Godfrey, Leslie G., and Chris D. Orme. 1996. “On the Behavior of Conditional Moment Tests in the Presence of Unconsidered Local Alternatives.” International Economic Review 37 (2): 263–81. https://doi.org/10.2307/2527323.

Godfrey, L.G., and C.D. Orme. 2001. “On Improving the Robustness and Reliability of Rao’s Score Test.” Journal of Statistical Planning and Inference 97 (1): 153–76. https://doi.org/10.1016/S0378-3758(00)00351-7.

Godfrey-Orme 2001 p.159 "The use of as the first-stage estimator to derive robust tests is acceptable when, as in this paper, only local departures from the null are considered in asymptotic analyses."

They refer to other articles for case when the other parameter restriction might deviate by a large, O(1), amount. Then sqrt(n) local alternative is not appropriate. (This seems to be allowed in C(alpha) tests.)

Also, they include the m-estimator sandwich form of the robust score test e.g. equ. (3.11)

josef-pkt commented 2 years ago

One more:

L. G. Godfrey & M. R. Veall (2000) Alternative approaches to testing by variable addition, Econometric Reviews, 19:2, 241-261, DOI: 10.1080/07474930008800470 https://doi.org/10.1080/07474930008800470

It looks like variable addition robust to misspecified alternative is just wald test on full model, i.e. auxiliary model with added variables, in their example for omitted variable (RESET test), structural break (Chow test), and autocorrelation (LM test).

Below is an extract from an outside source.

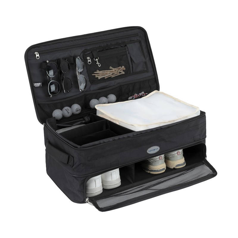 Organize your golf gear and accessories inside this convenient golf trunk organizer from Samsonite. The Samsonite Golf Travel Golf Trunk Organizer is made from rip-stop poly fabric with waterproof backing and has a roomy fold down design with two levels that expand to offer you plenty of packing space. The bottom level has divided compartments and can hold up to three pair of golf shoes while the top level has movable dividers to accommodate clothing, socks, or extra layers. Other features of this case include an organizer panel in the lid to hold your tees, gloves, or other accessories, a pouch to hold your cell phone or sunglasses, and two ergonomic carry handles.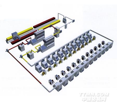 該機器配置的PLC智能系統(tǒng)一機兩線設備流程中的CPC預開棉機,可根據原棉的含雜質不同,設置兩組除雜工藝,與搖板閥同步變化,除雜效率更高,纖維損傷最小。一機兩線清花的兩條喂棉管道尾端可以閉環(huán)連接,(配16臺梳棉機以下)并加裝若干各插板閥,即可滿足兩條清花線不同產量的供應關系。

(one-step in linear model is fully unrestricted estimate)

josef-pkt commented 2 years ago

This is a possible target for 0.15 #8217

e.g. #5564

josef-pkt commented 2 years ago

puzzling related Premaratne, Bera inhttps://github.com/statsmodels/statsmodels/issues/8286#issuecomment-1135958111 no skewness robust to misspecified no excess kurtosis.

In there derivation of score test, they don't use directly something like Bera, Yoon. They just use the robust cov_type for score_test (referencing White for the general case, which I think is the same as what I implemented based on Boos)

aside: for kurtosis they don't actually use the score_test, To get an additional (b1 or m3) term they use the variance of the kurtosis estimate directly, not the one implied by the pearson system alternative to normality.